Annual passenger numbers and aircraft statistics
| Year | Passengers handled | Passenger % change | Cargo (tonnes) | Cargo % change | Aircraft movements | Aircraft % change |
| 2003 | 351,179 | Steady | 64 | Steady | 4,054 | Steady |
| 2004 | 349,375 | 0.5 | 64 | Steady | 4,088 | +0.8 |
| 2005 | 298,184 | 14.6 | 75 | 17.2 | 3,757 | −8.1 |
| 2006 | 273,005 | 8.4 | 109 | 45.3 | 2,973 | −20.9 |
| 2007 | 262,486 | 3.8 | 103 | 5.5 | 3,487 | +17.3 |
| 2008 | 259,529 | 1.1 | 70 | 32.0 | 3,551 | +1.8 |
| 2009 | 226,912 | 12.6 | 70 | Steady | 3,110 | −12.4 |
| 2010 | 220,878 | 2.7 | 49 | 30.0 | 2,802 | −9.9 |
| 2011 | 248,846 | 12.7 | 38 | 22.4 | 3,452 | +23.2 |
| 2012 | 280,074 | 12.5 | 57 | 50.5 | 3,613 | +4.7 |
| 2013 | 317,440 | 13.3 | 86 | 51.2 | 3,663 | +1.4 |
| 2014 | 314,130 | −1.0 | 46 | −46.9 | 3,911 | +6.8 |
| 2015 | 292,109 | −7.0 | 21 | −55.2 | 4,174 | +6.7 |
| 2016 | 247,757 | −15.2 | 15 | −27.3 | 3,493 | −16.3 |
| 2017 | 241,314 | −2.6 | 25 | +65.3 | 2,893 | −17.2 |
| 2018 | 258,816 | +7.3 | 13 | −47.4 | 3,013 | +4.1 |
| 2019 | 394,599 | +52.5 | 2.8 | −78.4 | 4,082 | +35.5 |
| 2020 | 71,877 | −84.3 | 3.0 | +7.9 | 1,117 | −72.6 |
| 2021 | 21,251 | −70.4 | 3.0 | Steady | 439 | −60.7 |
| 2022 | 103,961 | +389.2 | 5.0 | +46.8 | 1,245 | +183.6 |
| 2023 | 176,100 | +69.4 | 28 | +475.4 | 1,827 | +46.7 |
^{Source: Malaysia Airports Holdings Berhad}

Busiest flights out of Sultan Haji Ahmad Shah Airport by frequency as of September 2023
| Rank | Destinations | Frequency (weekly) | Airlines | Note |
| 1 | Kuala Lumpur | 17 | MH |
| 2 | Singapore | 3 | TR |  |

==Passenger facilities==

The airport has an outdoor car park, a taxi stand, several small shops, an arrival hall and a departure hall.
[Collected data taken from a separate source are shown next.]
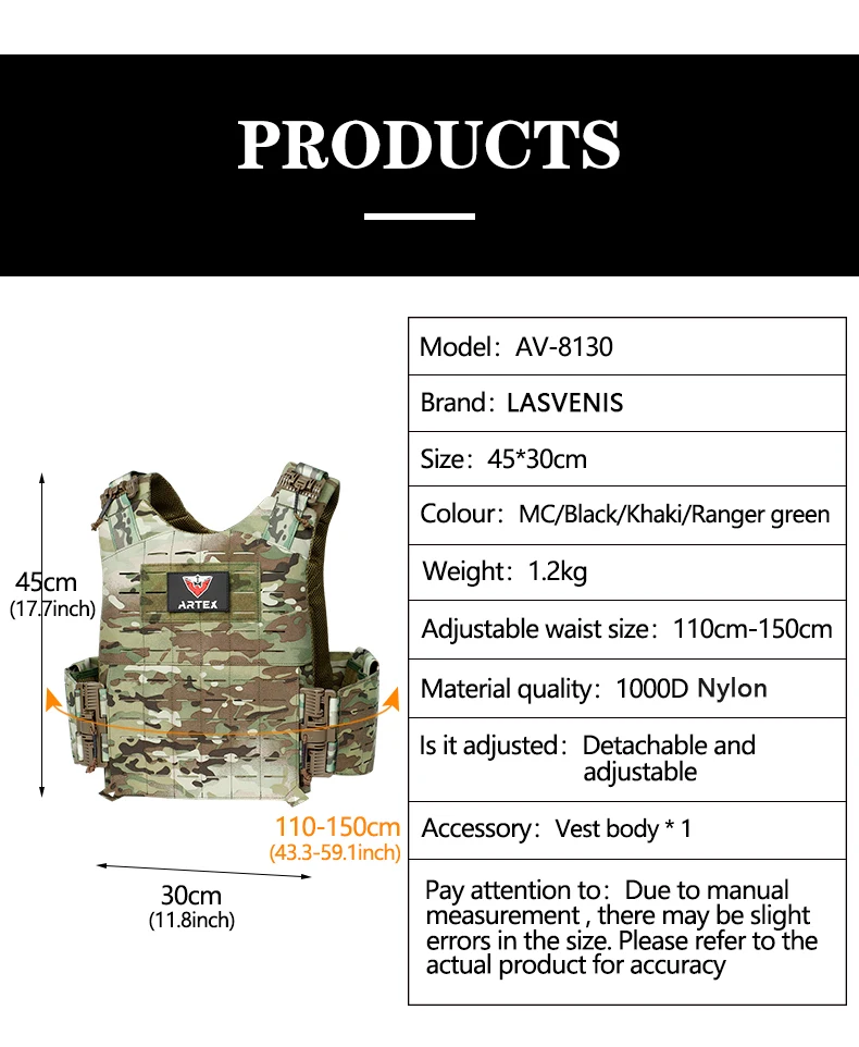 El chaleco es resistente al desgaste, diseñado para soportar los rigores del entrenamiento táctico y las operaciones.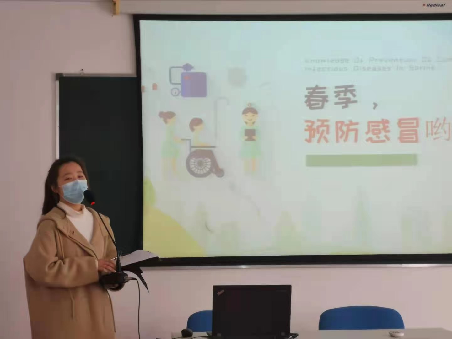 本次活动共分为两个环节。第一环节由18级药学班的蒋漪同学为居民们带来《春季,预防感冒的小方法》的小讲堂。一开始,蒋漪同学向居民们介绍了一些春季预防流行感冒的相关方法。在日常生活中,注意锻炼、心情愉悦、及时增减衣物、多喝水、保证个人卫生、良好的生活习惯,注意饮食,不论任何疾病,都是机体免疫力与致病因素之间相互作用的结果,如果机体抵抗力强于致病因素的作用,那么机体就会非常健康。除此之外,还有一些预防感冒的小窍门,热水泡脚、冷水洗脸、盐水漱口、按摩鼻沟等等的小方法,让居民们对于春季预防流行感冒的相关方法有了一定的了解。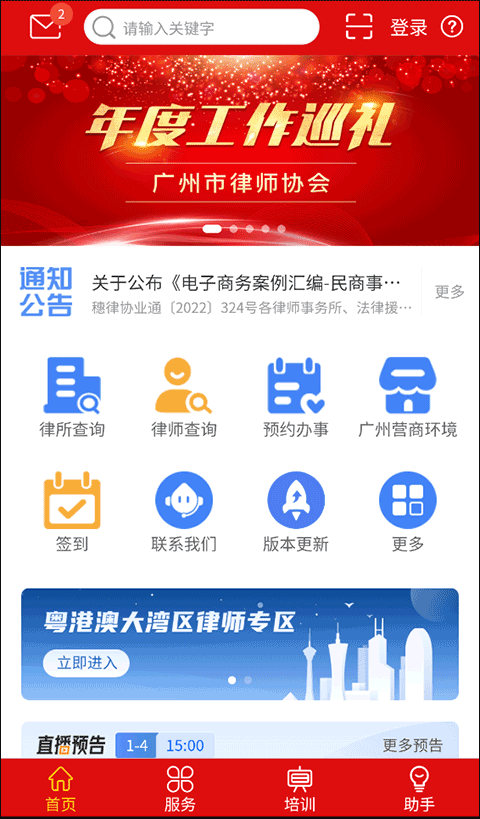 律兴app是面向广州市律师协会会员提供的一款专业移动应用平台,充分利用云技术为广州律师实习人员等其它类型用户设计和开发了一整套完整的个性化服务,提供了律师执业过程中常用的专业工具,实现协会活动报名、在线视频培训、一键维权、预约办事、年度考核、费用计算工具、第三方商城提供的服务等,致力于竭尽所能为广州律师打造最实用的信息化高速公路。

The front part of the building housing the shops and the check in counters are not air conditioned.

==Accidents and incidents==
- On 21 August 2025, a McDonnell Douglas F/A-18 Hornet of the Royal Malaysian Air Force crashed shortly after takeoff from the airport. The two pilots on board ejected safely.